1 Introduction

Vehicle fine-grained classification is a challenging problem in computer vision for multiple reasons. First, in contrast to the classification problem as in ImageNet [1], fine-grained classification deals with different classes within the same category. Secondly, fine-grained classification suffers from scarcity of datasets. Few public datasets for vehicle fine-grained classification exist, such as Cars [2], BoxCars116K [3], and CompCars [4]. Lastly, class hierarchy can be illustrated in three different levels: make, model, and year. Difficulty increases with deeper class definition as the number of samples per class becomes smaller and the visual cues become more challenging to detect.

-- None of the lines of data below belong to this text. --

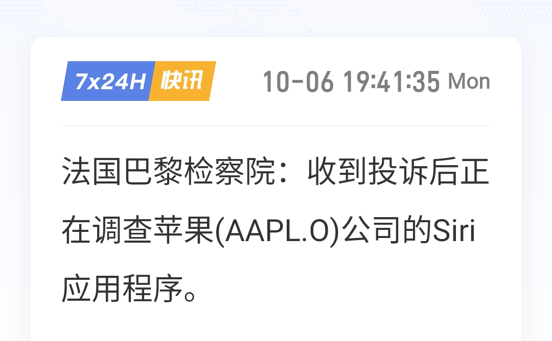 $苹果(NASDAQ|AAPL)$ 法国巴黎检察院正在调查苹果公司的Siri应用程序。
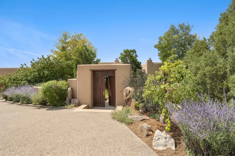 Rich in the quality that has come to distinguish Woods Builders homes, this Las Campanas home is a masterpiece of design and construction. The open architectural plan, consisting of four bedroom suites, an office, grand chefs kitchen, and multiple living areas, is rendered with exceptional style and executed with superior finishes. Gallery scale walls, inset lighting, and shelves embedded into diamond plaster walls establish elegant, integrated display areas. Soaring ceilings with massive spruce vigas, wood and flagstone floors, hand-carved wooden doors, and Southwest elements of columns, corbels, and kiva fireplaces are consistently applied. The inviting living room is accented by a grand, wrap-around shepherds fireplace and picture windows that face the portal. A spacious gourmet kitchen features a deep windowed breakfast nook, a black marble kitchen island, walk-in pantry, wine cooler, warming drawer, and two dishwashers to ensure seamless entertaining. Three suites, each with its own walk-in closet and private bathroom, are stylish accommodations in the separate guest wing. Behind carved doors is the Primary Suite, with a large-scale walk-in closet, fireplace, and elegant bathroom with jetted tub and separate shower. Sited on 1.9 acres against a backdrop of the Jemez Mountains, massive picture windows, glass French doors, and an expansive portal look upon vast sunset views and provide the stage for perfect outdoor entertainment and dining.
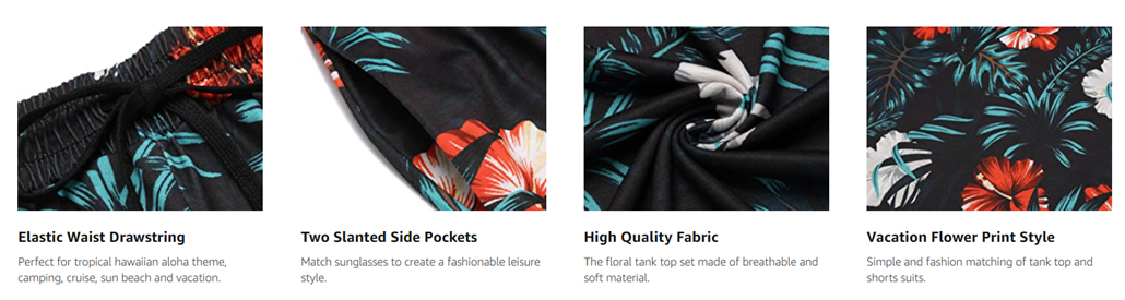 - Occasions --- The beach tank tops 2 piece sets outfits perfect for tropical hawaiian aloha theme, camping, cruise, sun beach, birthday party, vacation and casual daily wear. Match sunglasses to create a fashionable leisure style, or pair with sandals and a sun hat for beachwear.
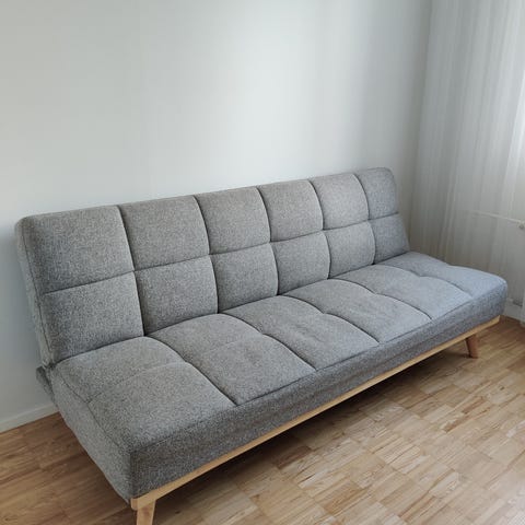 Myydään edullisesti vuodesohva (kuvassa etualalla) tilanpuutteen vuoksi. Selkänojan saa kaadettua vuodesohvaksi. Käsinojat on irroitettavissa. Levitettynä 175*100cm.
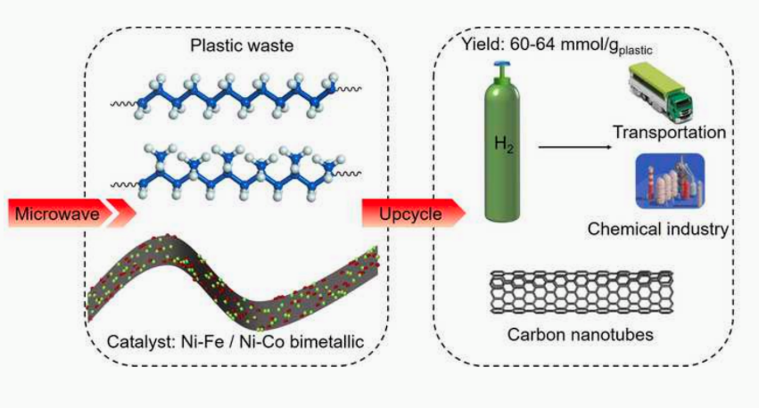 在废旧聚烯烃塑料化学回收方面,课题组通过结构设计和功能活性物种组装,采用简易的一步燃烧法制备了多种兼具微波吸收和催化性能的自分散Ni-Co和Ni-Fe双金属催化剂。在微波驱动下,约3.5分钟便可将多种废塑料如LDPE、HDPE、PP和填埋场混杂废塑料高效转化为氢气和多璧碳纳米管。同时,相比于传统电炉加热方式,微波驱动催化不仅可以提升2~3倍的氢气产量,而且能显著降低能量消耗。相关研究工作发表于Chemical Engineering Journal (2024, 483, 149270)。
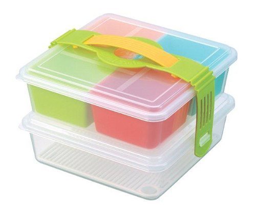 The small bento boxes is great for dividing the space, but they can be removed, in case you like to use a large space for your food
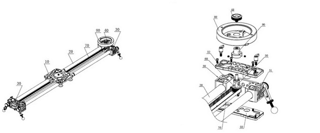 本专利的新型摄像导轨(独立权利要求1),包括有用于固定摄像设备的带安装云台的滑块(10)、两根相互平行的导杆(20)以及两个导杆固定座(30),所述的两导杆的两端分别固定在两个导杆固定座上,所述的滑块通过设在其下方的滑行结构夹持在两导杆上并在两导杆上滑行,其特征在于,在所述的两个导杆固定座中分别设有一个旋转轴(50),在所述的旋转轴中设有同步轮(60),在所述的两导杆之间设有与导杆平行的同步带(70),所述同步带的一端固定在滑块的一侧,其另一端依次绕过两旋转轴上的同步轮后固定在滑块的另一侧;其中一个旋转轴的上端头部伸出导杆固定座的上方并固定连接有一个飞轮(80)。
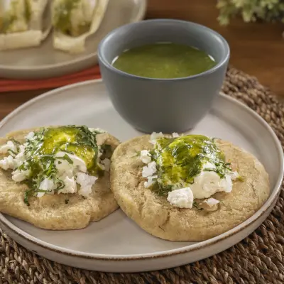 Shape a ball of dough with your hands, fill it with chicharrón, and close it with your fingers, giving it a round shape. Place plastic on a tortilla press, then put the dough in the center and press gently until you obtain discs of approximately 8 cm. Repeat the process with the remaining dough and filling.

Multiple methods rely on extra annotation either parts annotation or 3D CAD models such as [2, 5]. These annotations require extensive laborious work and not feasible for large datasets. Shih et al. [6] proposed a co-occurrence layer evaluated on fine-grained bird-species recognition. COOC layer makes use of the semantic learned features in CNN models that jointly co-occur for a class. On the other hand, Sochor et al. [3] proposed an unpacking algorithm for vehicle view normalization based on 3D bounding box estimation. They used two networks as a preprocessing for 3D bounding box estimation. Then, they apply fine grained recognition with a third classification network on the unpacked images. Not to mention the unpacking distortion (Fig. 2), the use of three deep networks is computationally expensive for real-time applications such as traffic monitoring and surveillance.

2 Our Approach

In this section, we provide a detailed description of the architecture and the two-step fine-tuning procedure.

Fig. 1.
figure 1

Overall architecture. Applying Co-occurrence (COOC) layer [6] on the last convolution layers concatenated with global average pooling (GAP).

2.1 Two-Step Fine-Tuning

Fine-tuning ImageNet pre-trained models as widely shown in practice has better initial weights for the task at hand than random initialization. The network up to the last convolution layers is initialized with the weights trained on a large dataset (e.g. ImageNet). Subsequently, the whole network is fine-tuned including the new randomly initialized last fully connected layers for the new classification problem. However, recent work [7] highlighted that the two-step fine-tuning achieves better results than one-step fine-tuning. The reason for this is that these random weights have high gradient in the first few epochs and it is possible to wreck up the last few learned convolution features. In our paper, a transfer learning first is trained by freezing all the pre-trained initialized weights and updating only the newly added layers for few epochs. This step prevents the high gradient to back-prob into the already learned initial features. Then, after converging, a proper fine-tuning with good initial weights is applied on the whole network.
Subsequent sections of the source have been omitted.